Summary of TB diagnostics, sites of disease, treatment, and ART status for HIV/TB co-infected children, stratified by TB treatment outcome category.
Favorable outcome (n=308) | Unfavorable outcome (n=78) | Combined (N=386) | |
---|---|---|---|
| |||
Test Result, n (%) | |||
Microbiologic diagnosis* | 61 (20%) | 18 (23%) | 79 (20%) |
AFB smear positive | 25 (8%) | 11 (14%) | 36 (9%) |
AFB culture positive | 28 (9%) | 5 (6%) | 33 (9%) |
NAAT positive | 37 (12%) | 11 (15%) | 48 (12%) |
Clinical diagnosis | 247 (80%) | 60 (77%) | 307 (80%) |
Negative test result(s) | 127 (41%) | 28 (36%) | 155 (40%) |
No test performed | 120 (39%) | 32 (41%) | 152 (39%) |
| |||
Site of disease, n (%) | |||
Pulmonary | 229 (74%) | 58 (74%) | 287 (74%) |
Extra-pulmonary* | 60 (19%) | 13 (17%) | 73 (19%) |
Abdominal | 30 (10%) | 5 (6%) | 35 (9%) |
CNS/Meningeal | 3 (1%) | 1 (1%) | 4 (1%) |
Lymphatic | 16 (5%) | 9 (12%) | 25 (7%) |
Miliary | 4 (1%) | 2 (3%) | 6 (2%) |
Osteoarticular | 2 (1%) | 0 (0%) | 2 (<1%) |
Pericardial | 1 (<1%) | 1 (1%) | 2 (<1%) |
Pleural | 4 (1%) | 3 (4%) | 7 (2%) |
Unknown | 11 (4%) | 1 (1%) | 12 (3%) |
Both | 18 (6%) | 7 (9%) | 25 (6%) |
| |||
Intensive phase regimen, n (%)† | |||
3-drug HRZ | 62 (20%) | 22 (28%) | 84 (22%) |
4-drug HRZE | 246 (80%) | 56 (72%) | 302 (78%) |
| |||
ART status, n (%) | |||
ART prior to TB diagnosis | 101 (33%) | 18 (23%) | 119 (31%) |
ART ≤8 weeks after TB diagnosis | 109 (34%) | 15 (19%) | 124 (32%) |
ART >8 weeks after TB diagnosis | 45 (15%) | 8 (10%) | 53 (14%) |
No ART | 25 (8%) | 25 (32%) | 50 (13%) |
Missing | 28 (9%) | 12 (15%) | 40 (10%) |
More than one can apply, thus numbers do not add up to 100%
A 3-drug regimen includes isoniazid (H), rifampin (R), and pyrazinamide (Z).

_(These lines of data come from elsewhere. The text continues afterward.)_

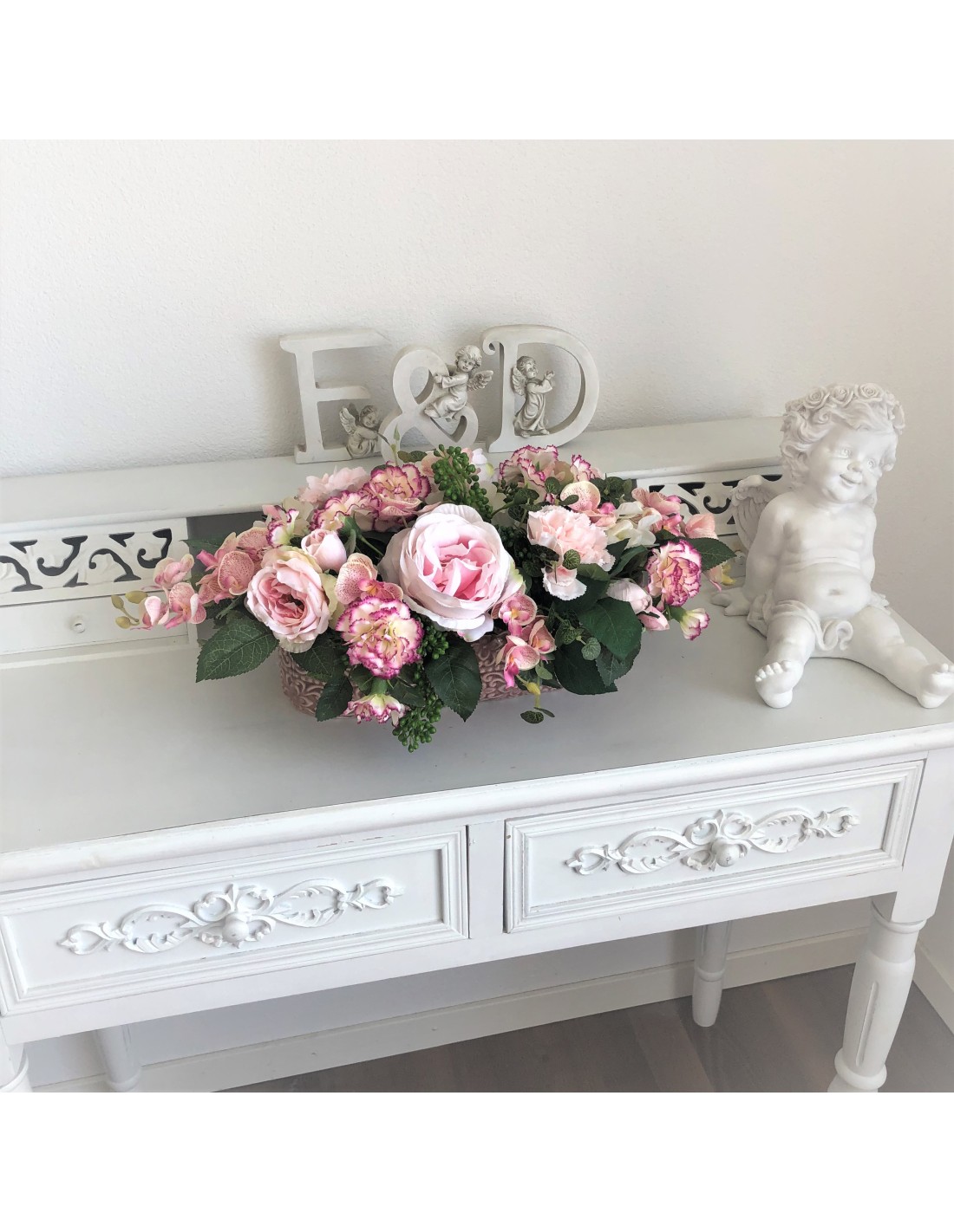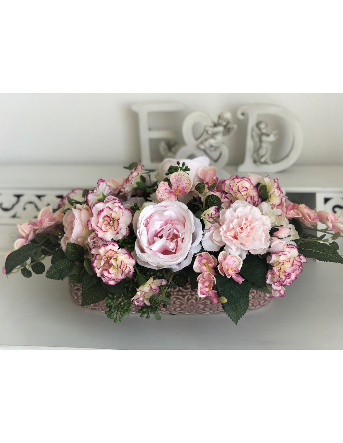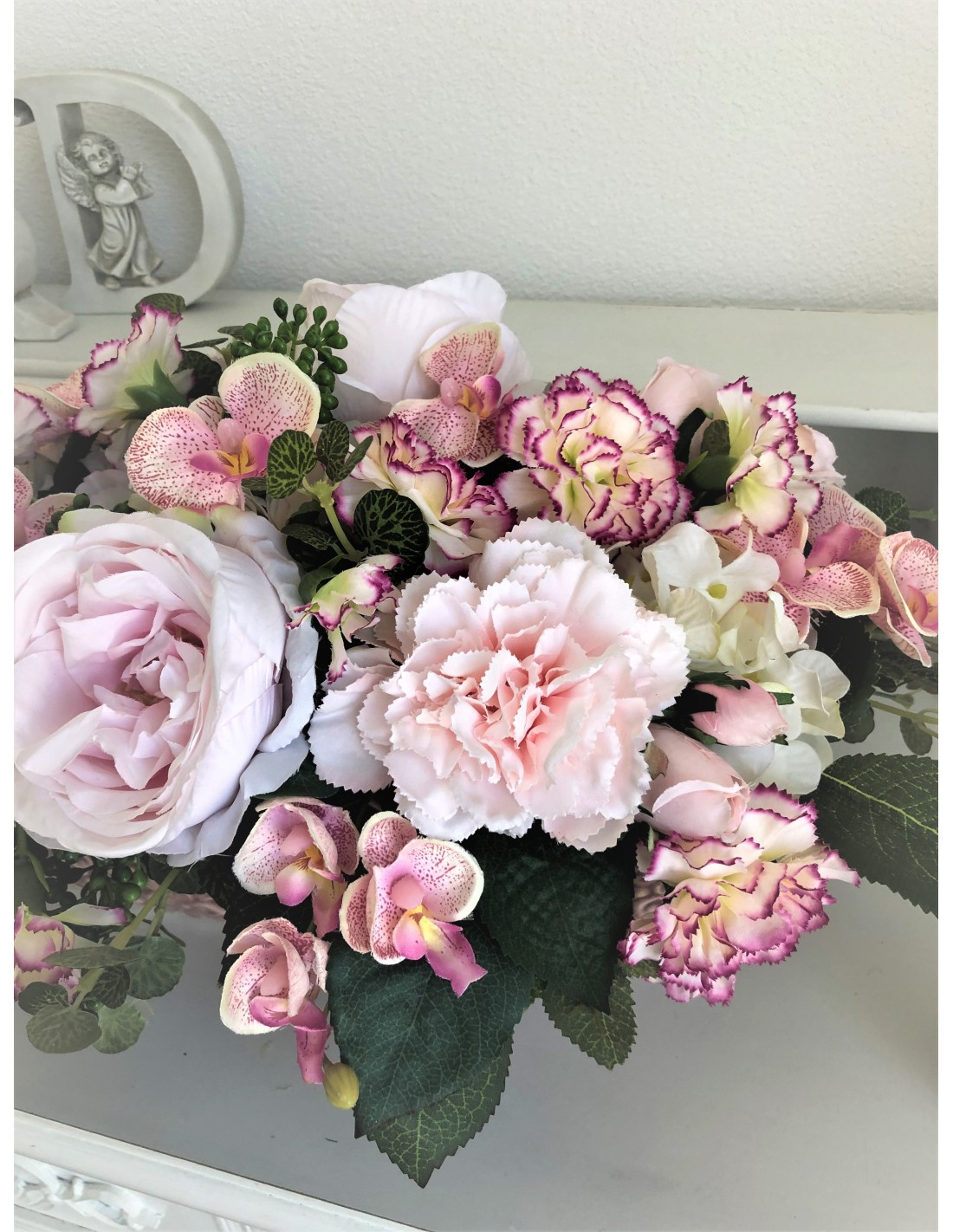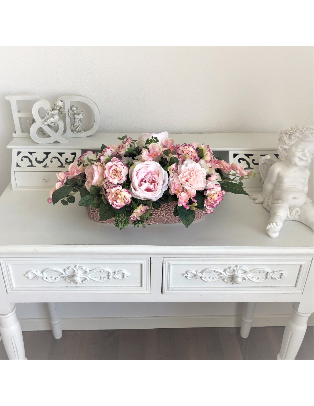 Haben Sie auch immer gerne einen blühenden Arrangement Blumen auf dem Tisch stehen, an dem Sie sich jeden Tag erfreuen? Nur schade, dass die Freude nur so lange hält, wie auch die Blumen blühen. An unseren handgefertigten Arrangements aus Kunststoff können Sie sich das ganze Jahr über erfreuen.Das Arrangement hat eine Höhe von ca. 22 cm, Breite von ca. 50 cm, Tiefe von ca. 29 cm.In einem ovalen Ke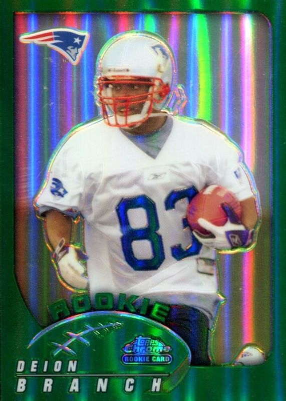 This card is 1 of 2 Deion Branch's card variations in the 2002 Topps Chrome set being tracked by Sports Card Investor, including Black Refractor (Rookie) /100.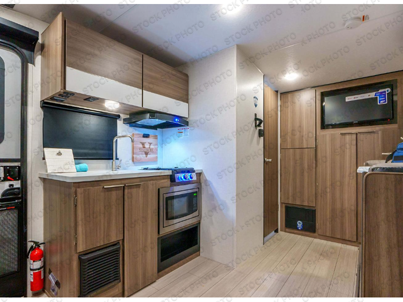 Cook, relax, sleep, and do it all again after your hike, play games and visit with other RVers! This trailer is perfect for a quick trip or a long vacation with sleeping space for three to four when you utilize the booth dinette. There is a 60" x 75" bed up front for two to easily fall asleep and includes a side wardrobe and overhead cabinet for your belongings. In the morning, the cook can use the two burner cooktop and convection microwave to whip up breakfast for you to enjoy under the 12' power awning after grabbing your camping chairs from the pass-through storage that has a motion-activated light which is helpful in the dark. You will also appreciate the full bathroom amenities, the pantry for your goodies and the entertainment center.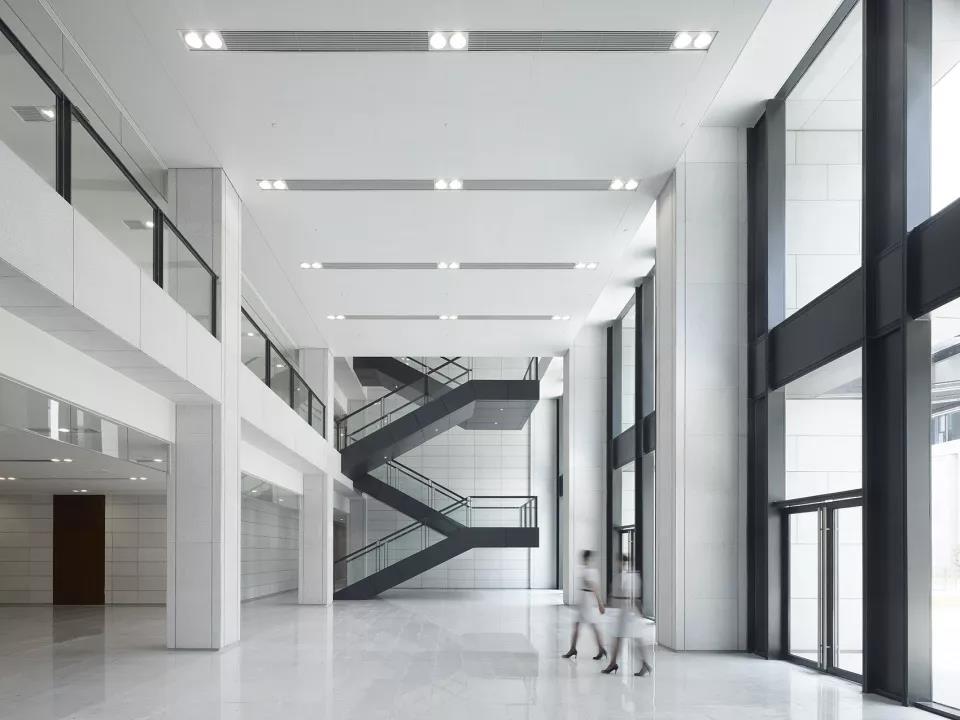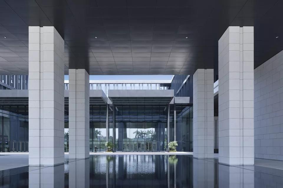 建筑群由一個堅實的基座、通透的連接部分和一座仿佛懸浮其上的體塊組成。淺色橫向花崗巖立柱刻畫了建筑立面的整體形象,形成了建筑群造型語言的主題,因其具有一定的進深還起到了為室內空間遮陽的作用。煤黑色豎向框架與淺色花崗巖產生對比,幕墻框架內還集成安裝了遮陽窗簾,構成了一個散熱建筑外表皮。建筑室內空間的設計也選擇了相似的材料元素,園區、單體建筑不同功能區域均保持了一致的設計風格。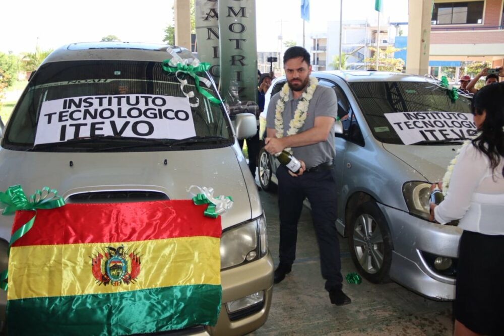 Hace instantes en #ElTrópico de #Cochabamba, iniciando nuestra agenda de domingo, hicimos la entrega de 2 vehículos para el Instituto Técnico «Evo Morales» para que los estudiantes de la carrera de Mecánica Automotriz puedan realizar sus prácticas: https://t.co/UZgR6pQVxT https://t.co/GxDGFCgpFI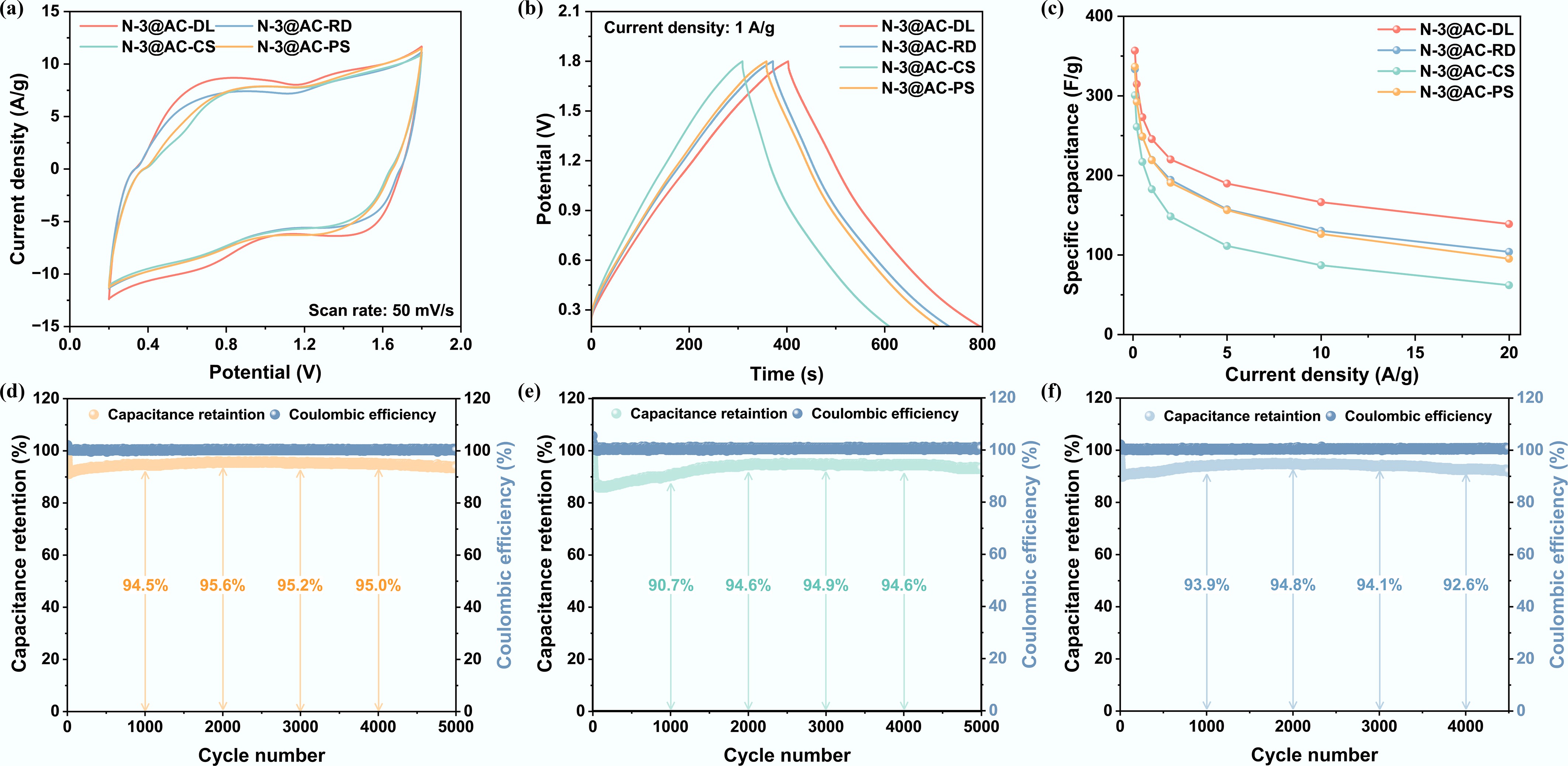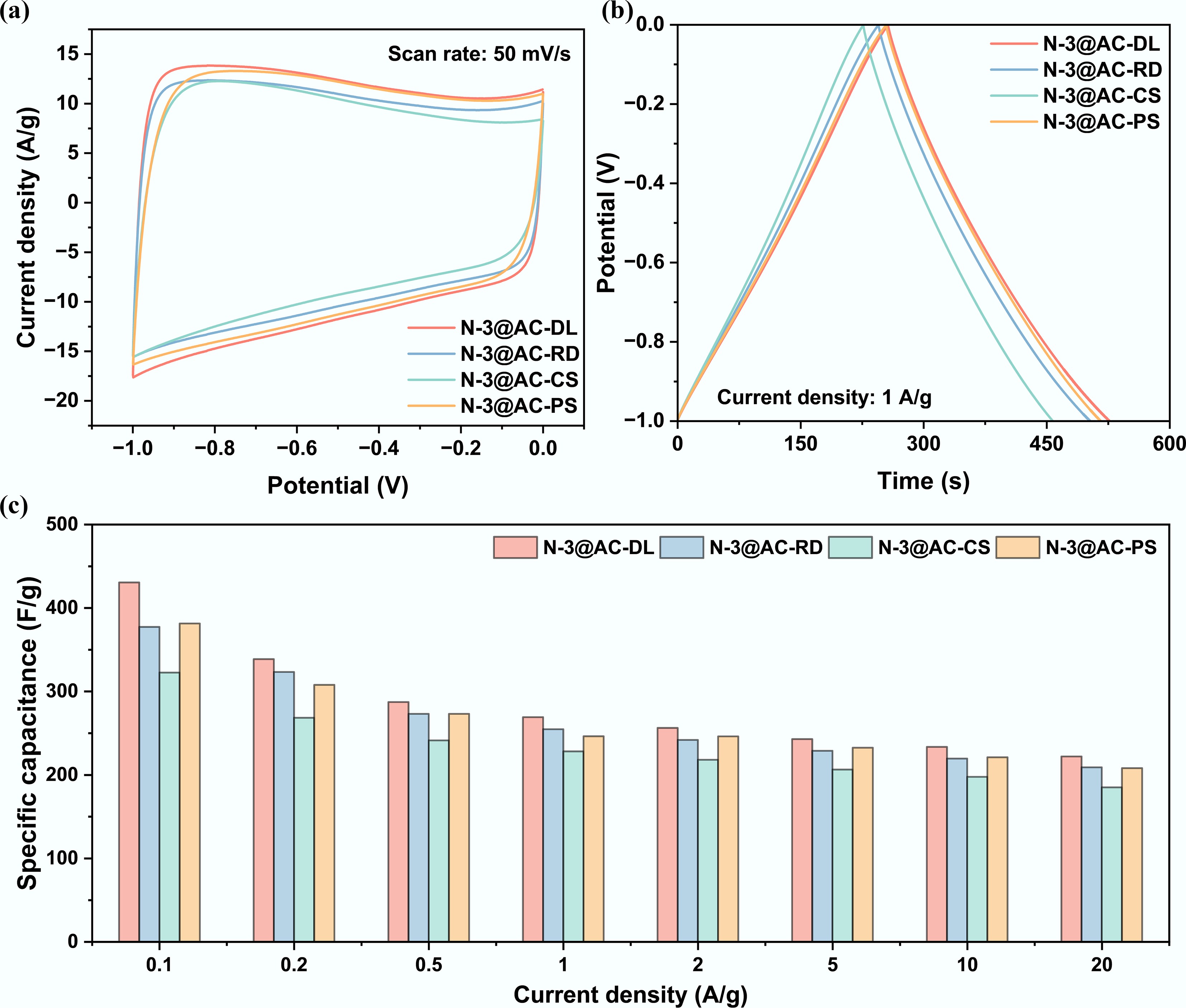 • Based on the established preparation conditions, this study systematically evaluated the feasibility of utilizing several representative biomass sources as precursors for high-performance electrode materials. The NHPCs synthesized from reed, corn stover, pine sawdust, and lignin under the optimized synthetic conditions were defined as N-3@AC-RD, N-3@AC-CS, N-3@AC-PS, and N-3@AC-DL, respectively. In the three-electrode system, the CV curves (Fig. 6a) showed a typical rectangular shape within the −1.0–0 V potential window, indicating that the charge storage mechanism was dominated by double-layer capacitors. The GCD curves (Fig. 6b) measured at a current density of 1 A g−1 presented a symmetrical isosceles triangle shape, indicating highly reversible capacitive behavior. The specific capacitances of the N-3@AC-RD and N-3@AC-PS were comparable to the N-3@AC-DL (Fig. 6c). Overall, biomass-derived carbonaceous materials showed promising commercial application prospects, attributed to their low cost combined with competitive electrochemical performance.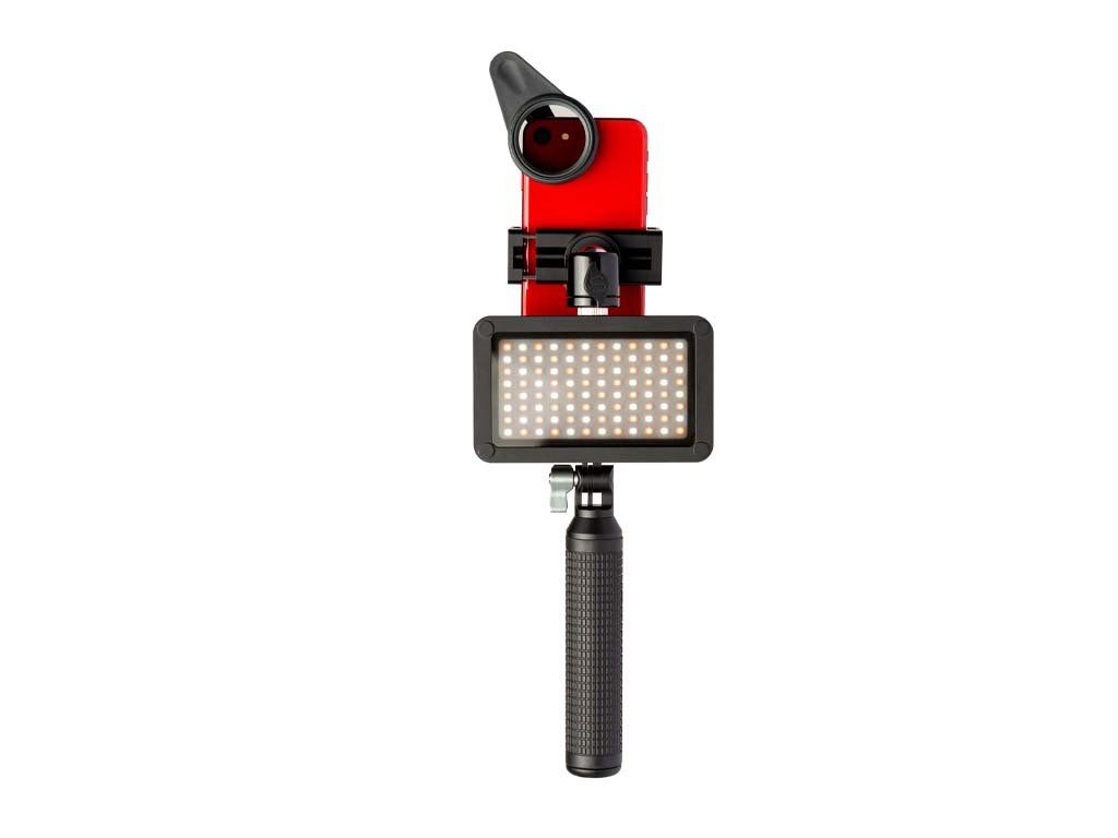 De afsteller is zo geïnstalleerd dat een perfecte aanpassing van het licht aan de positie van de mobiele telefoon of camera wordt gegarandeerd. Eenvoudig instelbaar.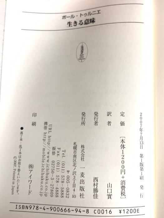 タイトル:生きる意味: 来日講演集 一麦出版社 ポール トゥルニエ
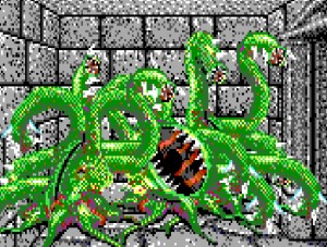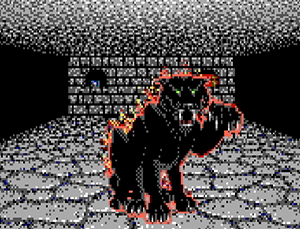As you walk through the lower corridor, stop at the first gate and use the Wizard's Ring to open it. Who would have thought that the ring was a key? Save before you open the second door, the Wizard's former pet cat is a little wild.

A 4-drug regimen includes HRZ and ethambutol (E).
AFB = acid fast bacilli; NAAT = nucleic acid amplification test; ART = antiretroviral therapy
Only three cases (<1%) were found to have isoniazid or rifampin resistance, one of which was in the Asia-Pacific region, and the other two were in the Southern Africa region. These regions were also the only two regions that were routinely utilizing NAAT for TB diagnosis, and were the primary regions where gastric aspirates and induced sputum were utilized to obtain diagnostic specimens.
TB Treatment Regimens
As for IP regimens, 84 (22%) cases were treated with a non-standard 3-drug regimen lacking ethambutol, while 302 (78%) were treated with a 4-drug regimen including ethambutol (Table 2). The practice of omitting ethambutol was common in Eastern Africa, Central Africa, and Western Africa regions where such IP regimens were prescribed for 47%, 36%, and 27% of cases, respectively. IP regimens lacking ethambutol were prescribed to children less than five years of age in 32% of cases, and to children aged 5-15 years in 15% of cases.
ART Status
One hundred and nineteen (31%) of 386 HIV/TB co-infected children were receiving ART prior to their TB diagnosis. Of the 267 (69%) not on ART at the time of starting ATT, 124 (46%) initiated ART within eight weeks of starting ATT, and 53 (20%) more initiated ART more than eight weeks after starting ATT. Fifty (13%) of the HIV/TB co-infected children did not initiate ART by the end of the study period. ART status data was missing for 40 (10%) children (Table 2).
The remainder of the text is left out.